The Board currently comprises one executive and five non-executive directors of which Atul Bali is considered as independent.
As a Guernsey-registered Company trading on the Standard List of the Main Market of the London Stock Exchange, the UK Corporate Governance Code published by the Financial Reporting Council does not apply to the Company. However, whilst the Company does not apply the UK Corporate Governance Code, the Directors recognise the importance of good corporate governance and have implemented corporate governance practices having consideration to the recommendations and principles of the UK Corporate Governance Code as far as is appropriate, bearing in mind the size and nature of the Company.
The Board oversees the performance of the Group’s activities, and comprises experienced board members who have held senior positions in a number of public and private companies.
The Board is responsible to Shareholders for the proper management of the Group.

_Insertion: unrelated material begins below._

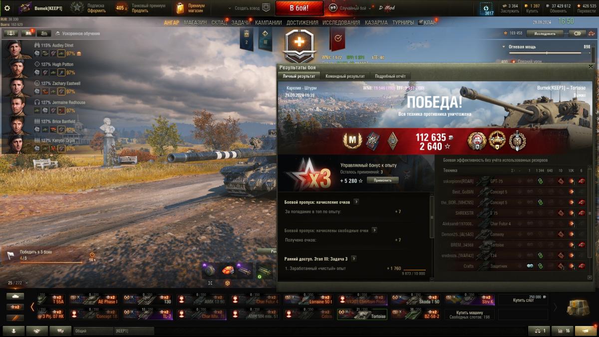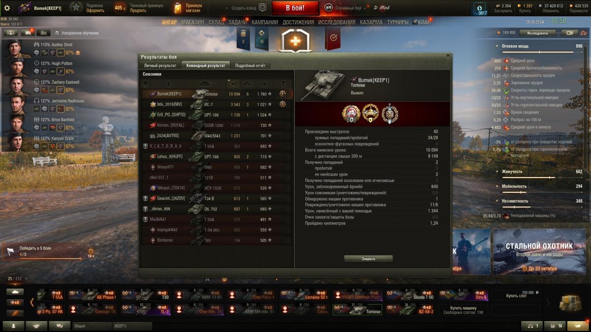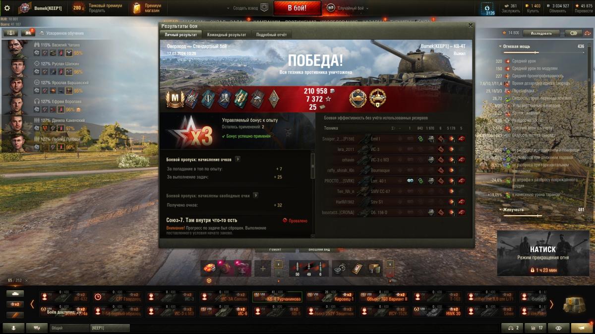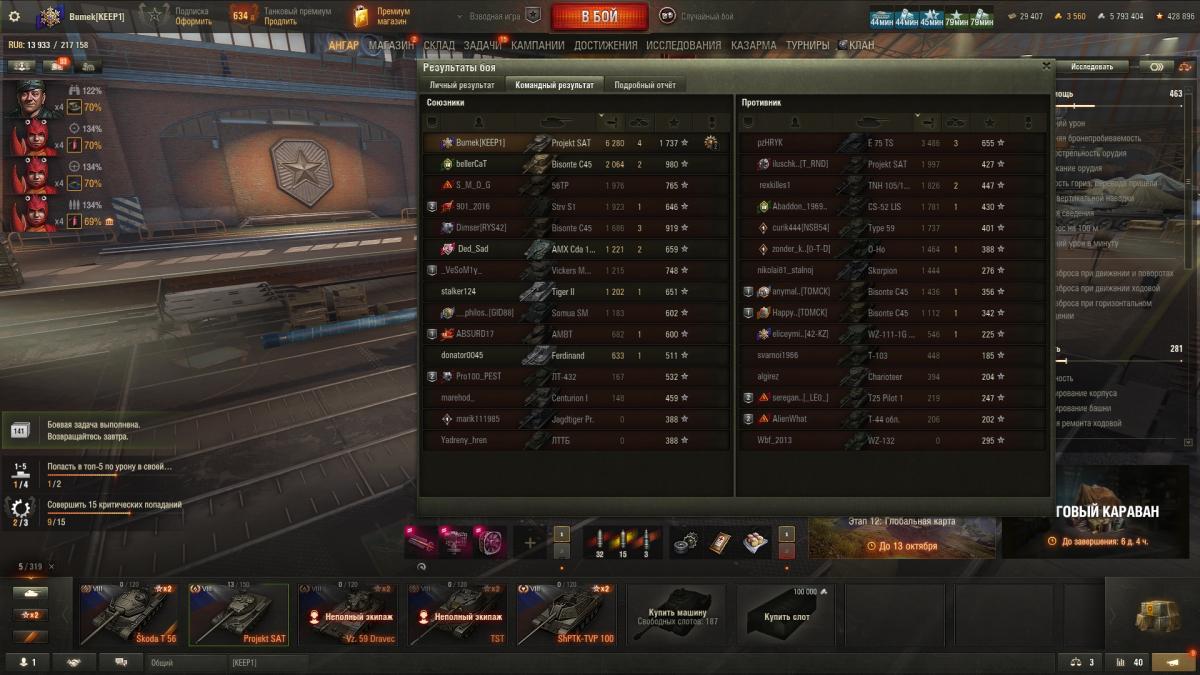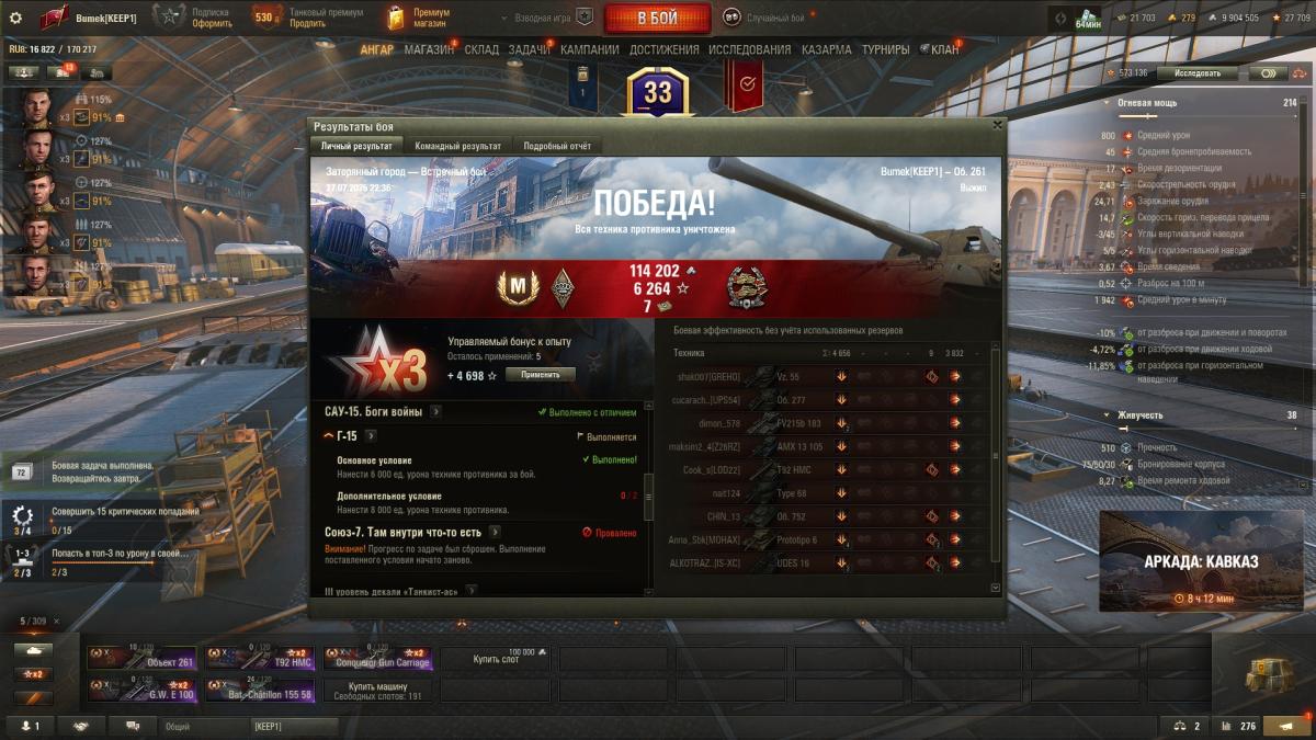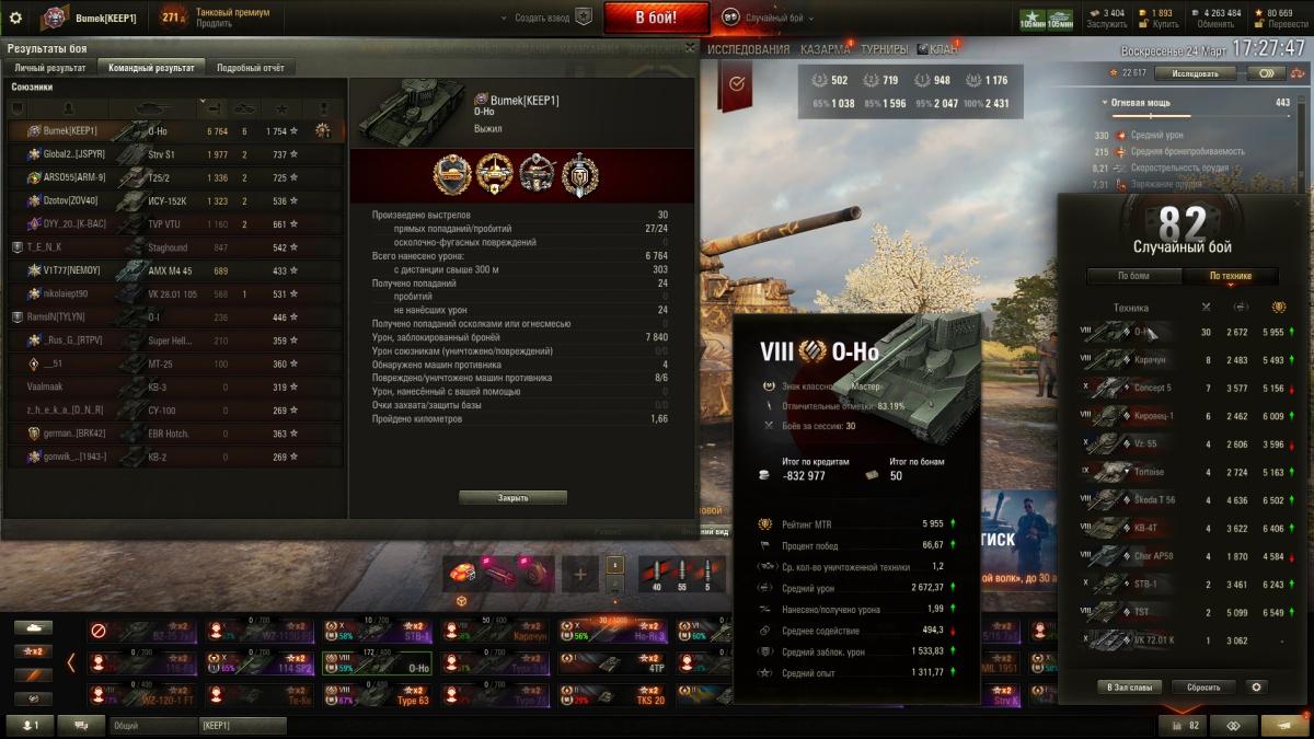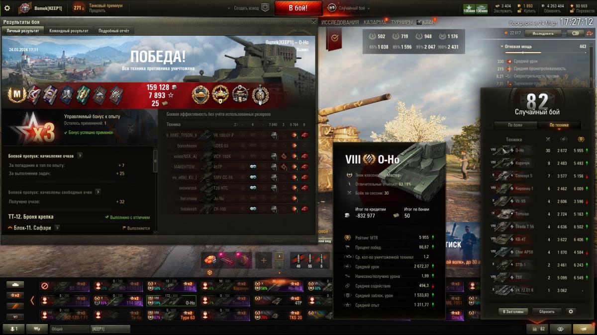 Стряхнем пыль с этой темы). На днях решил перевыполнить с отличием блок-15 на 279 и посмотрел, что на O-Ho нищая планка как по опыту так и на 3 отметки. В итоге понадобилось всего 8 боев на выполнение задачи с отличием. После апа танк стал вполне себе играбелен. В одноуровневых боях способен и танковать и накидывать по 3-4к урона, но чаще всего конечно бои на 2-2.5к. С десятками тяжело, но тут ничего удивительного. В боях против 6-7 уровней чувствует себя превосходно. В общем типичный сверхтяж ближнего боя одного направления с хорошей пушкой, УВНами и лобовой броней. Из оборудования - досылатель, турбина, закалка. Последний бой сегодня как вишенка на торте, набрал на выполнение с отличием ТТ-15 на об. 260, жаль другая задача была активирована)

The Non-Executive Directors have particular responsibility to ensure that the strategies proposed by the Executive Director are carefully considered.
The Board meets regularly and, prior to such meetings taking place, an agenda and board papers are circulated to the Directors so that they are adequately prepared for the meetings. To enable the Board to discharge its duties, all Directors have full and timely access to all relevant information. There is no agreed formal procedure for the Board (or members thereof) to seek independent professional advice but, pursuant to their letters of appointment, the Non-Executive Directors may, where appropriate, take independent professional advice at the Group’s expense.
In accordance with the Company’s Articles of Associations, the directors submit themselves for re-election every three years at the Company’s Annual General Meeting.
The composition of the Board will be reviewed regularly to ensure that the Board has the appropriate mix of expertise and experience. The Articles provide that the number of directors that may be appointed cannot be fewer than two. Two directors present at a board meeting will constitute a quorum.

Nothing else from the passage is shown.